Items from a dataset

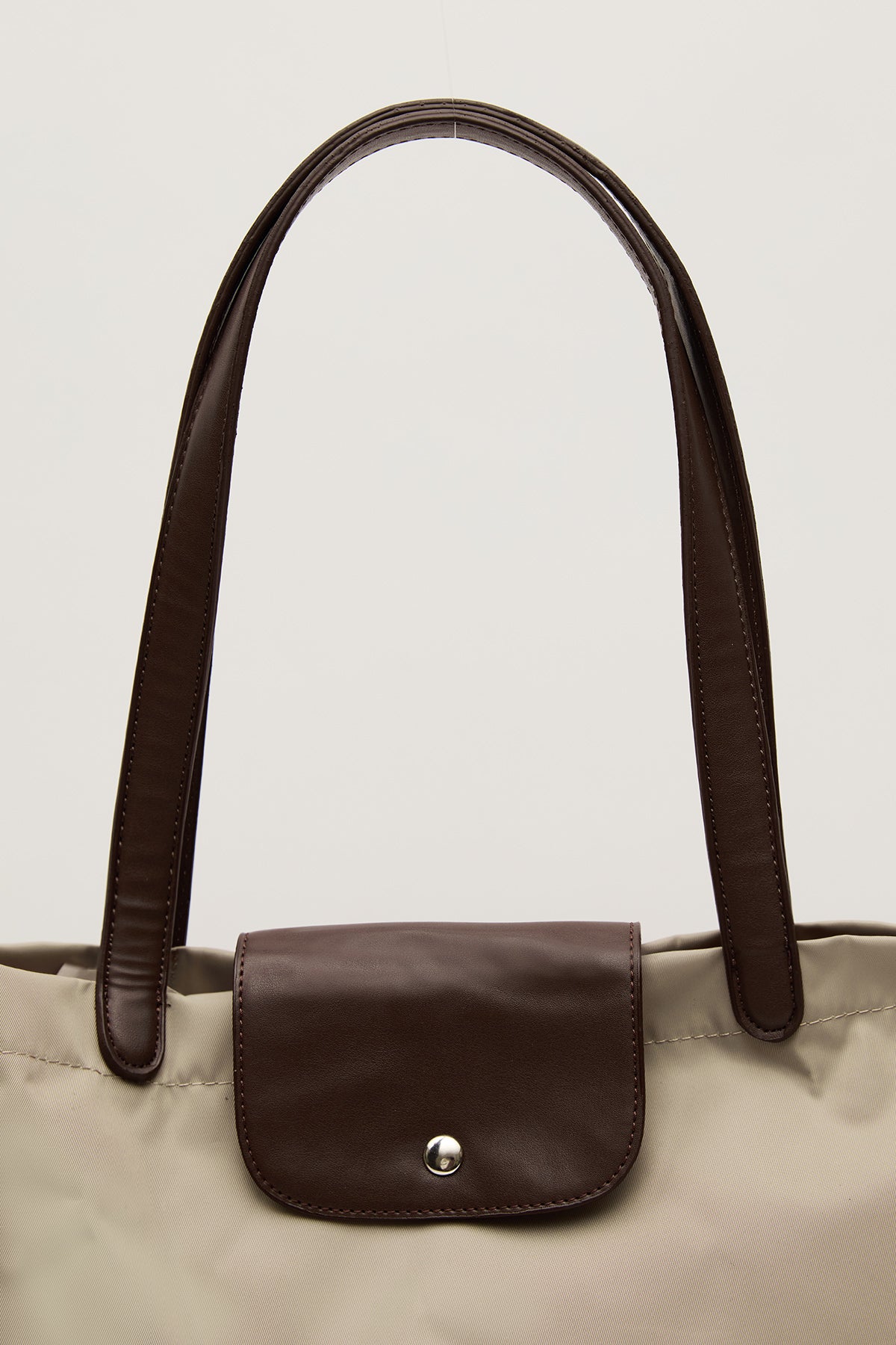 Shoulder strap, snap fastening, with a small inner pocket, trimmed with synthetic leather, lined. Technical fabric.
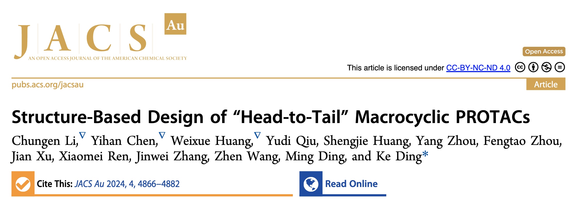 JACS Au 2024 | 基于结构的“首尾相连”大环PROTACs设计
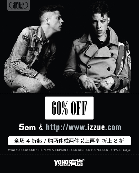 I.T旗下主打品牌izzue和5cm以簡約混搭的理念和強烈的設計感不斷刺激著年輕人的潮流觸覺,成為了時下潮人們首選的兩款品牌。此次活動izzue、5cm全場商品都將在YOHO!有貨4折起售,購滿兩件再享8折優惠。囊括羽絨服、衛衣、毛衫、針織衫長褲、等上百種款式,今冬最潮單品一網打盡!
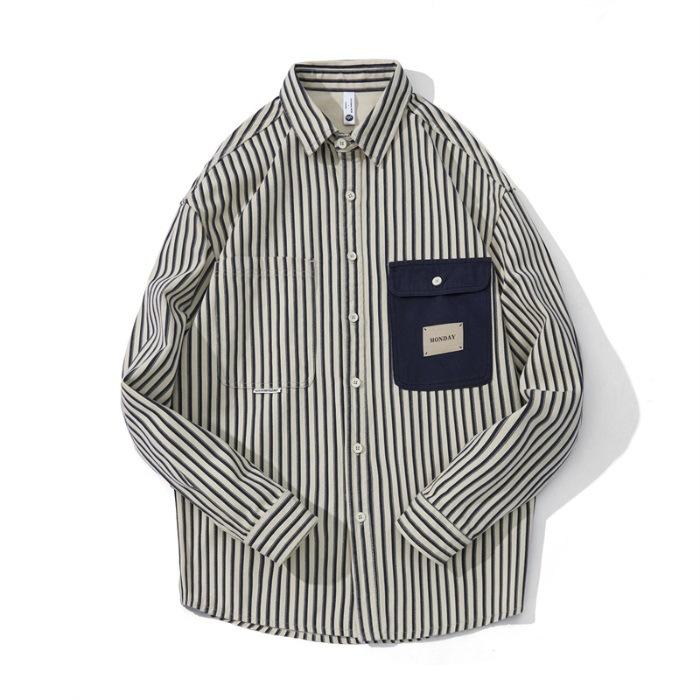 Новая весенняя ретро-рубашка с длинным рукавом в полоску из чистого хлопка для мужской верхней рубашки
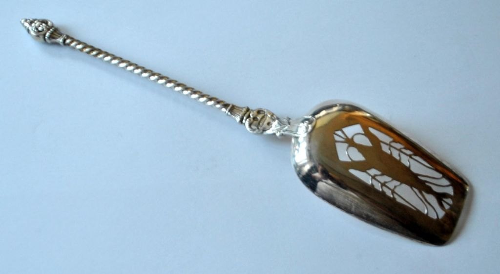 Silver crab spoon, Copenhagen, 1869. Unidentifiable master's mark. With city coat of arms and guardein mark. Handle with crab and interior gilding. Twisted handle with angel head. L: 22 cm.Item number: 28110
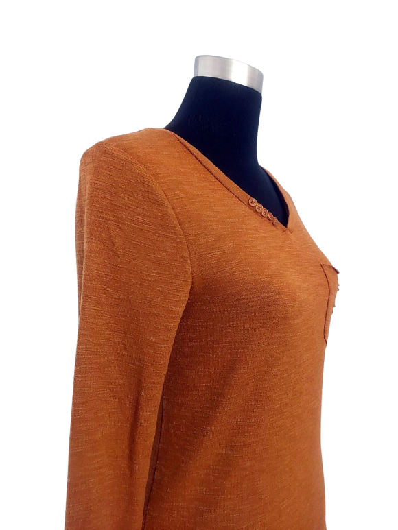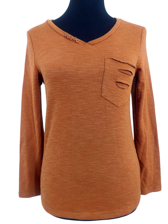 كنزة صوفية (Sweater) تلبس من فوق الرأس (Pullover) - خط عنق شكل ـ V ـ، بدون ياقة، كتف عادي، أكمام طويلة عادية (Plain) - بني, S
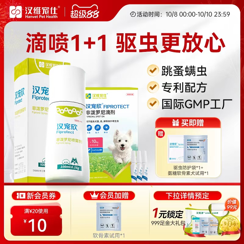 汉维宠仕汉宠欣非泼罗尼滴剂体外驱虫喷雾狗狗猫咪可用蜱虫跳骚
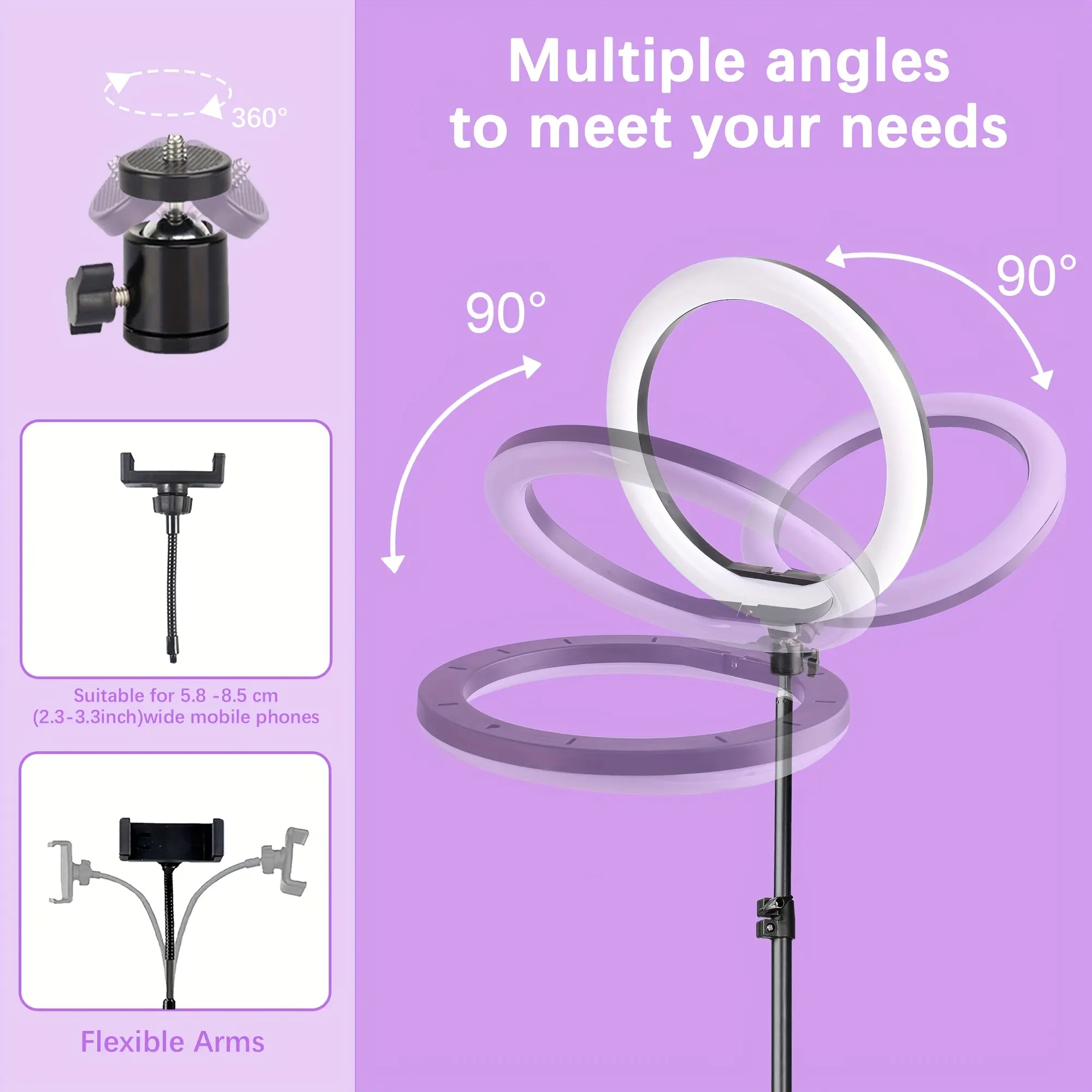 ·Key Perks & Flexibility: Instantly switch color modes and brightness levels for on-the-go control. The compact folding design offers portability, while the 180° adjustable tripod head and 360° rotating phone mount (fits phones up to 7", cases included) enable versatile shooting angles.

__WHAT TO WORK ON__
With pictures left out, transcribe each line from the one containing "I.T旗下主打品牌izzue" through the end of the data, both ends included.

__SOLUTION TO THIS EXERCISE__
 I.T旗下主打品牌izzue和5cm以簡約混搭的理念和強烈的設計感不斷刺激著年輕人的潮流觸覺,成為了時下潮人們首選的兩款品牌。此次活動izzue、5cm全場商品都將在YOHO!有貨4折起售,購滿兩件再享8折優惠。囊括羽絨服、衛衣、毛衫、針織衫長褲、等上百種款式,今冬最潮單品一網打盡!
 Новая весенняя ретро-рубашка с длинным рукавом в полоску из чистого хлопка для мужской верхней рубашки
 Silver crab spoon, Copenhagen, 1869. Unidentifiable master's mark. With city coat of arms and guardein mark. Handle with crab and interior gilding. Twisted handle with angel head. L: 22 cm.Item number: 28110
 كنزة صوفية (Sweater) تلبس من فوق الرأس (Pullover) - خط عنق شكل ـ V ـ، بدون ياقة، كتف عادي، أكمام طويلة عادية (Plain) - بني, S
 汉维宠仕汉宠欣非泼罗尼滴剂体外驱虫喷雾狗狗猫咪可用蜱虫跳骚
 ·Key Perks & Flexibility: Instantly switch color modes and brightness levels for on-the-go control. The compact folding design offers portability, while the 180° adjustable tripod head and 360° rotating phone mount (fits phones up to 7", cases included) enable versatile shooting angles.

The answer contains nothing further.